Republicans are in the midst of an insurrection. Democrats are not. This vast gulf between the situations of the two parties—not some grand revolt against "the establishment" or "incumbents"—explains the year's primary results, including Tuesday's jarring outcomes in Florida and Alaska.

The agitation among Republicans is not surprising, given the trauma of the final years of George W. Bush's presidency. After heavy losses in 2006 and '08, it was natural that GOP loyalists would seek a new direction.

Liberals who saw Bush's presidency as a failed right-wing experiment thought Republicans would search for more moderate ground, much as Britain's Tories turned to the soothing leadership of David Cameron to organize their comeback. But this expectation overlooked the exodus of moderates over the past decade, which has shifted the balance of power in Republican primaries far to the right.

As a result, the main critique of Bush in Republican ranks saw him as insufficiently conservative—too inclined to support federal action on education and in expanding prescription drug assistance to the elderly, and too ready to run up the deficit.

That the deficit increased primarily because of two tax cuts and two wars did not enter their calculation because acknowledging this was ideologically inconvenient.
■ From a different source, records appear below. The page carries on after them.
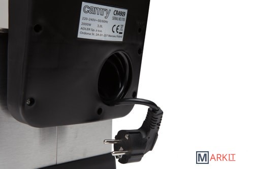 Фритюрница Camry CR4909 оснащена фильтром в крышке и освещенной кнопкой открывания. Ваши блюда не пригорят благодаря регулируемому термостату.
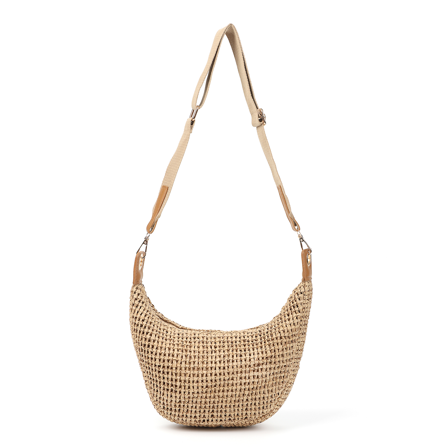 У сумки-хобо классическая форма полумесяца, съемный текстильный регулируемый ремень с отделкой из экокожи. Единственное отделение закрывается на молнию, дополнено подкладкой и небольшим карманом на молнии.
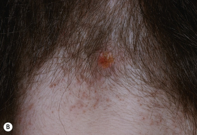 Monilethrix. (A) The hair is dry, lusterless, brittle, and fails to grow to any appreciable length. The occipital area is most commonly and most severely affected in most cases. (B) The follicles are prominent and often hyperkeratotic. This girl was scratching at her occipital area, which led to further breakage and an erosion.
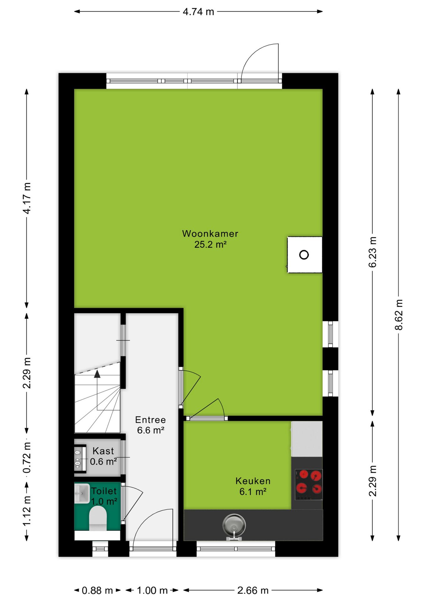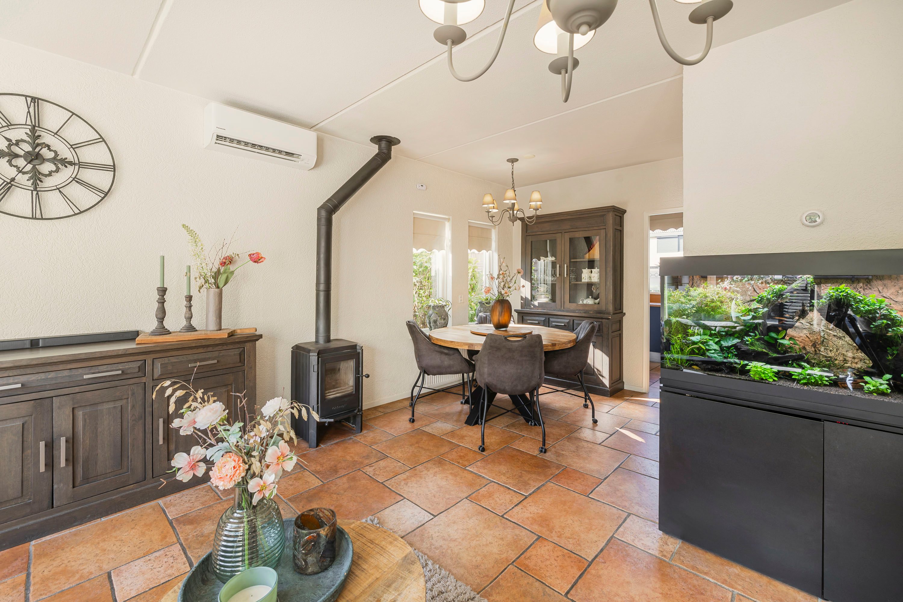 Bij binnenkomst kom je in een ruime entree van 6,6 m² met toilet, fonteintje, berging en trapopgang. Vanuit de hal bereik je de woonkamer van 25,2 m², die dankzij de grote ramen aan de achterzijde veel lichtinval heeft. De houtkachel zorgt hier voor extra sfeer. Aan de voorzijde ligt de keuken, uitgerust met een inductiekookplaat, afzuigkap, koelkast, vaatwasser en combi-oven/magnetron.
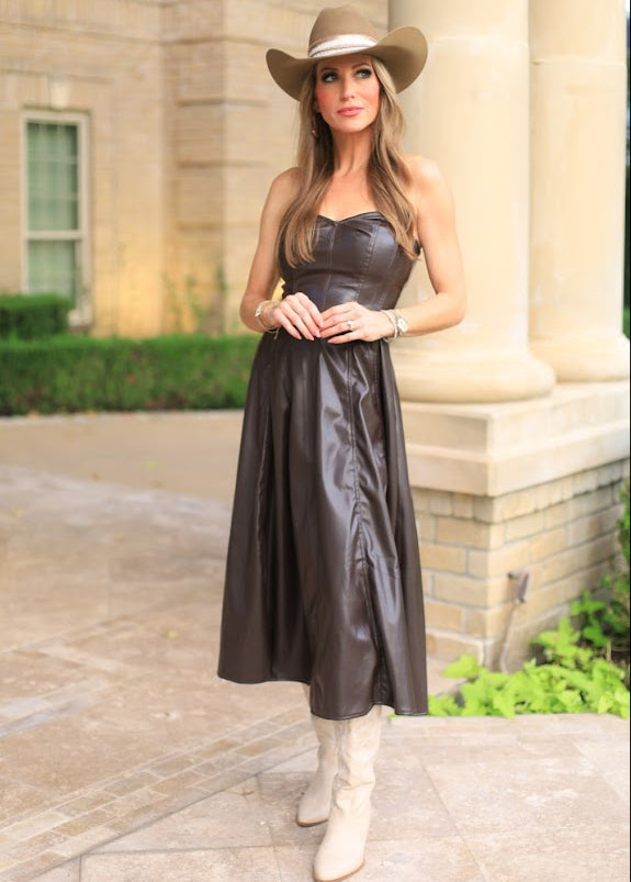 Introducing the ONLY GETS BETTER FAUX LEATHER MIDI DRESS in a rich chocolate shade. This strapless style features pintucked details, a flattering A-line silhouette, and a back zipper, combining bold texture with elegant shape for a striking look.

In the meantime, the election of President Barack Obama by a demographically diverse coalition anchored in younger voters helped unleash the furies inside an older, overwhelmingly white and Southern-leaning GOP coalition.

Thus Tuesday's results: Democrats stayed in their comfort zone, as they did earlier this month in Colorado, while Republicans went for outsiders.

The contrast was starkest in Florida. In the Democratic primary for the state's open U.S. Senate seat, Rep. Kendrick Meek, with the backing of party leaders, overwhelmed Jeff Greene, a billionaire businessman. But on the Republican side, Rick Scott, another very rich outsider, ran a brutal campaign to seize the party's gubernatorial nomination from the onetime front-runner, state Attorney General Bill McCollum, who enjoyed wide support from party leadership.

In Alaska, Republicans produced the shocker of the night: Insurgent Joe Miller, who had Sarah Palin's backing against incumbent Sen. Lisa Murkowski, had a lead of about 2,000 votes after having trailed badly in the polls for the entire campaign. However the contest turns out when absentee ballots are counted, few races this year offered as clear a case of right-wing dominance in Republican primaries.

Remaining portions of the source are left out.